There was more here than she was able to see on the surface. A big piece of the puzzle was missing, and something drove her to discover what that was. Maybe her own visit to Tildy Matheson was in order.
Chapter Four
“Riley, I didn’t know you were coming by again today.” Caleb Douglas spotted his son at the computer in the adjoining office. They had remodeled this downtown building where all the business for the ski-resort project was handled, but Riley worked from his home office most of the time.
“I needed to crunch a few numbers.”
Ground-breaking for Thunder Canyon Resort had been set back by the gold-fever commotion and subsequent land disputes but was back on schedule.
The older man entered the room and closed the door behind him. Riley’s mother had obviously chosen the shirt and tie Caleb wore, which coordinated with his tailor-made western-cut sport jacket. Caleb stepped in front of Riley’s desk. “How are things going with the Martin girl?”
“She’s about to hire me.”
“You’re going to have to push this a little faster. One more 9/11 scare will send gold sky-high. We need to be in place when that happens.”
“It’s coming together.”
“The mining is moving
forward. There’s gonna be gold coming out of that hole by the ton.”
“I said I’m working on it.”
Caleb held up both hands. “Okay. It had better be good.” He started to walk away, then stopped as if he’d had a thought.
“I’m meeting Justin for lunch. Care to join us?”

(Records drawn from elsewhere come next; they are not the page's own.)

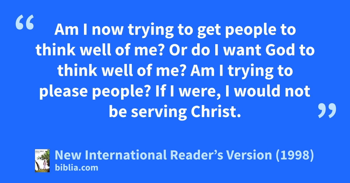 10Am I now trying to get people to think well of me? Or do I want God to think well of me? Am I trying to please people? If I were, I would not be serving Christ.
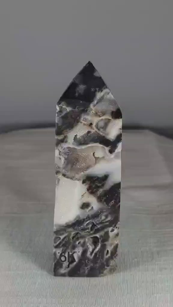 Enhance your intuition and discernment with our Sphalerite Tower. This crystal activates the sacral chakra, promoting clarity of thought and vitality. Use it for healing, creativity, and decisive decision-making. Don't let bogus information hold you back. Trust in Sphalerite's powers of inspiration and balance. This Tower is 3.75 Inches tall.
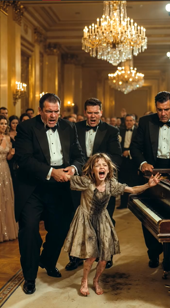 « Haal haar eruit, » beval mevrouw Davenport, haar stem nu kortaf en hard, haar geduld was op. Dit was een schande, een smet op haar perfecte avond. De bewakers grepen de dunne armen van het meisje vast en omsloten haar biceps moeiteloos met hun grote handen.
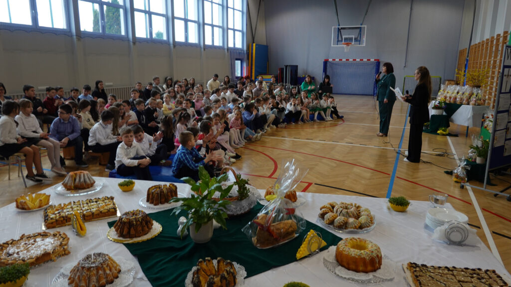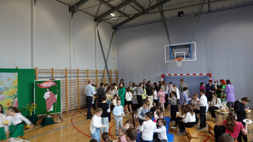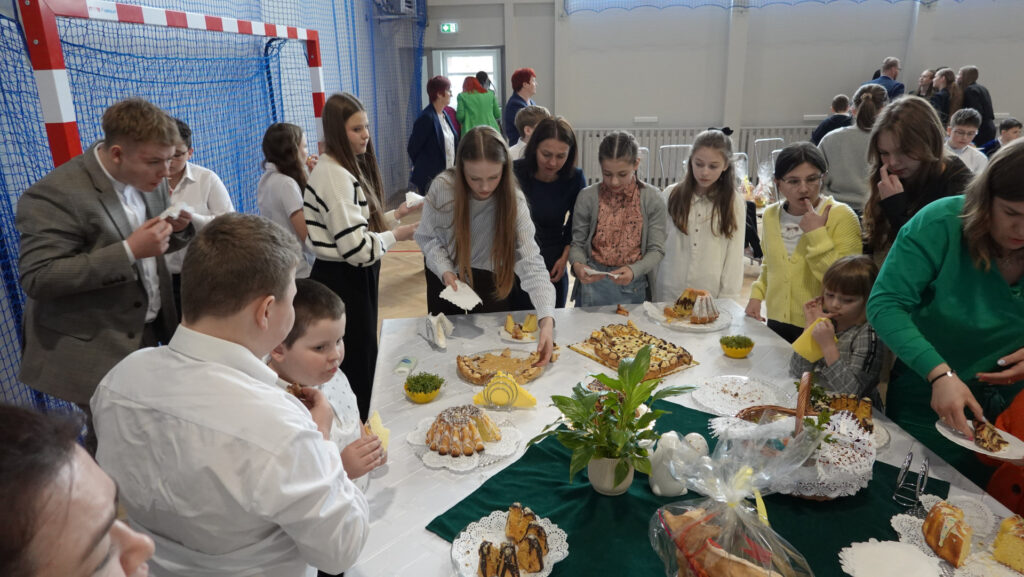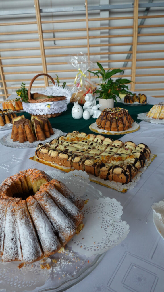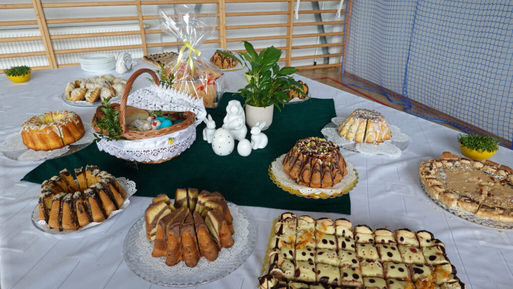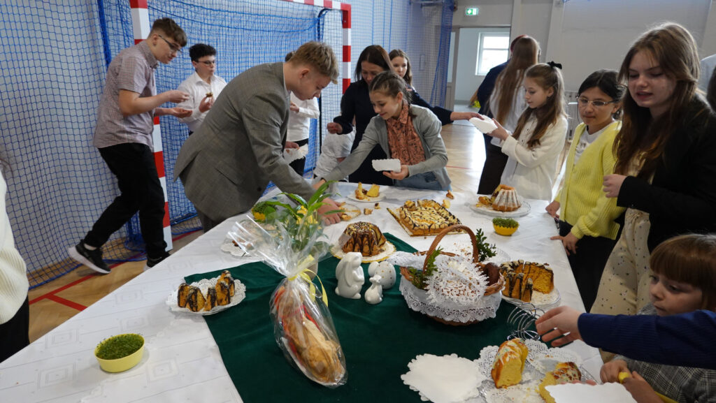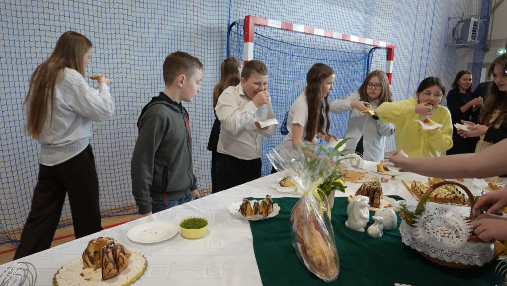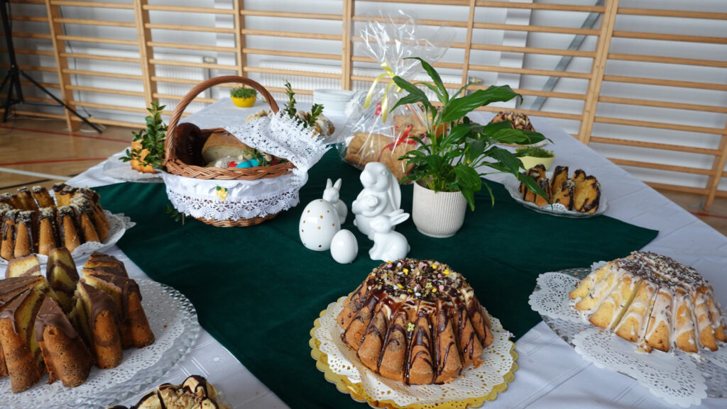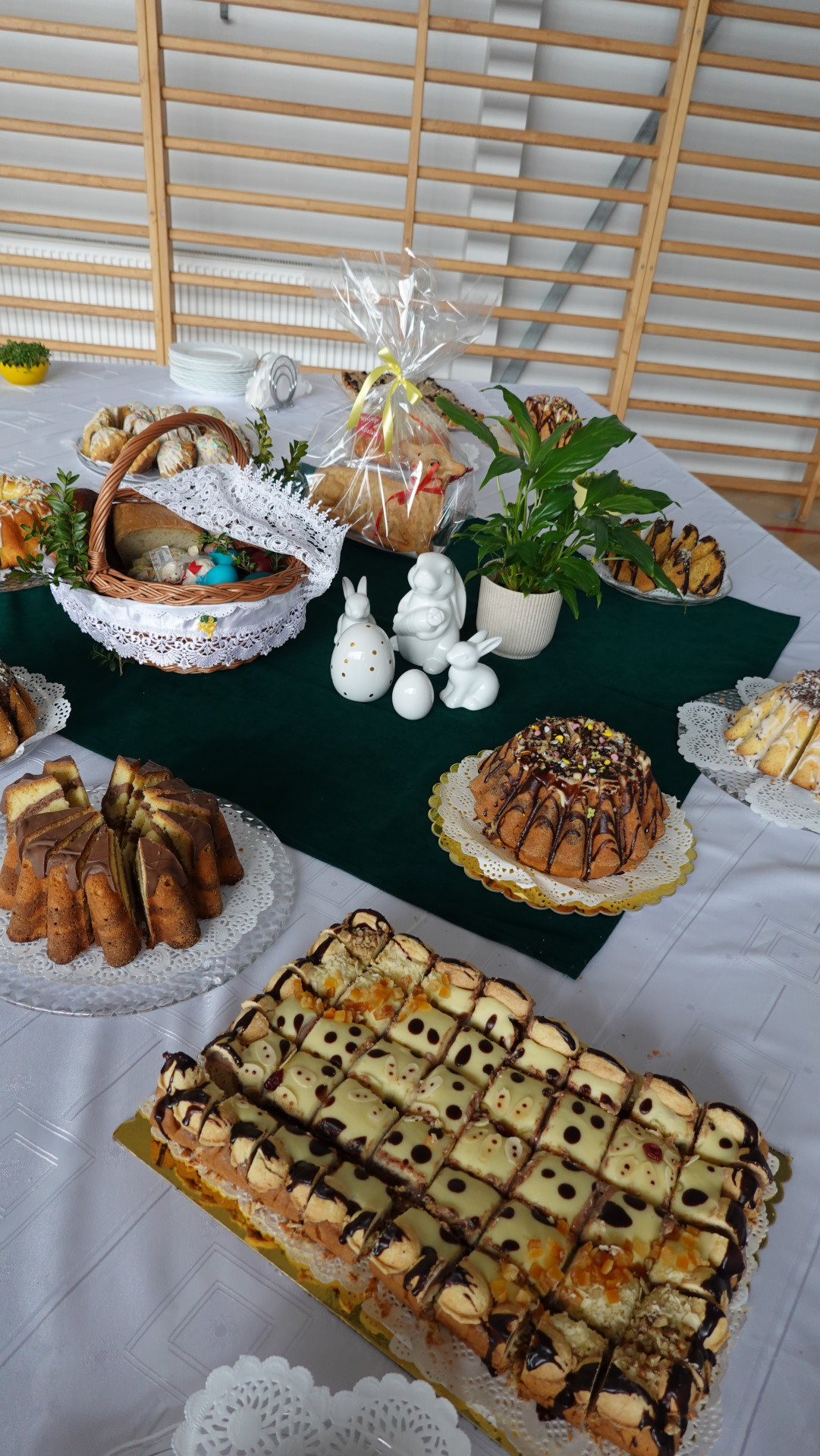 Po części artystycznej przyszedł czas na wspólny poczęstunek. Stół wielkanocny uginał się od tradycyjnych wypieków – aromatycznych babek oraz pięknie zdobionych mazurków, które cieszyły nie tylko podniebienie, lecz także oko. Była to doskonała okazja do integracji oraz rozmów w miłej, świątecznej atmosferze. Wszystkie ciasta zostały upieczone przez Rodziców, za co składamy serdeczne podziękowania – za ich zaangażowanie i trud włożony w przygotowanie tych pysznych wypieków.
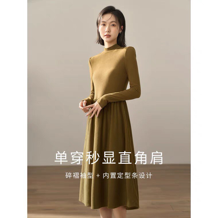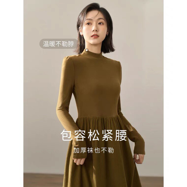 复古拼接连衣裙女2025冬新款半高领长袖打底衫收腰a字半身裙
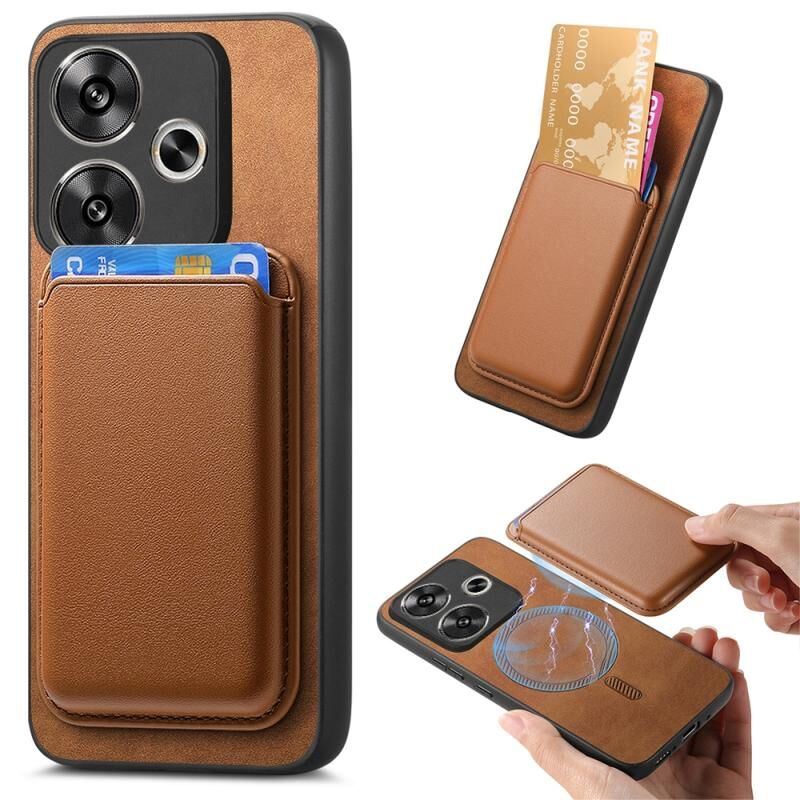 Για Xiaomi Redmi Turbo 3 5G Ρετρό Θήκη Κάρτας Magsafe, Μαλακή Θήκη Πίσω Καπακιού από PU (Καφέ)
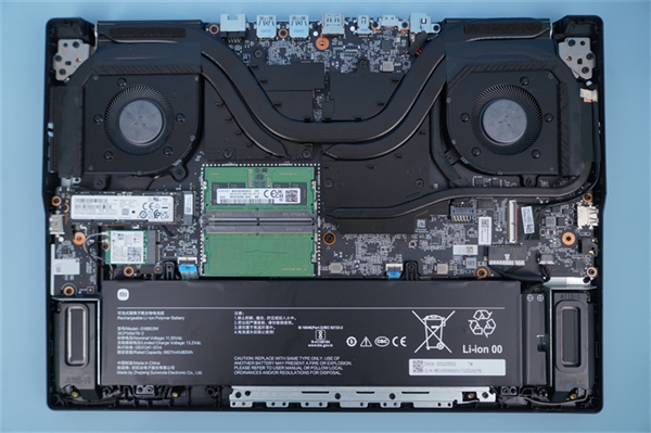 内存左边的SSD,型号为三星PM9A1.容量为512GB,是当前最主流的SSD,下面则是M.2无线网卡。比较遗憾的是只有一条NVMe M.2 SSD插槽。
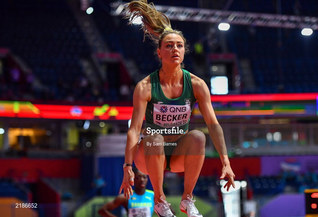 18 March 2022; Sophie Becker of Ireland before competing in the women's 400m heats during day one of the World Indoor Athletics Championships at the Štark Arena in Belgrade, Serbia. Photo by Sam Barnes/Sportsfile
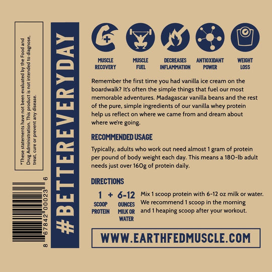 Earth Fed Muscle Whey Back Vanilla Truly Grass Fed Whey

Justin Caldwell was the brother Riley hadn’t known about until a month ago. Justin, however, had learned about Caleb two years previously and had schemed against the Douglases to get control of the ski resort through the investors. His scheme had worked, too. The manipulation and resulting takeover had nearly broken Caleb. But in the end Justin had experienced a change of heart and given control of the project back to Caleb. Now the two of them seemed to be downright bonding.
Riley grabbed a pen and jotted down a few numbers. “I have other plans.”
“Well, that’s a shame. I’d like to get my two boys together for a change.”
“Yeah, that would be real nice.”
“Riley, he married our girl, Katie. You’re going to have to accept him.”
Riley’s parents had taken in Katie Fenton when she’d been fourteen and her mother had died. Katie’s mother and Adele had been college friends. Katie was the daughter Caleb never had, his darling. Riley had been in college at the time, but he’d grown to love her, too. More often than not, however—even though he was the only offspring from his parents’ union—he felt like the outsider in the family.
“Your mother’s talking about a get-together soon,” Caleb said. “A family thing. Bring someone.”
Riley watched his father leave the room. Finding out about Justin had been a shock. His father’d had an affair when Riley had been just a baby. Justin had been the result of that, and Riley and his mother were still coming to terms with the betrayal.
Adele was a strong, proud woman, and her position in the community stiffened her backbone when it came to handling tough conditions. Riley, too, was loyal to family and the Douglas name. He and Justin had formed a tentative relationship, but Riley still had issues.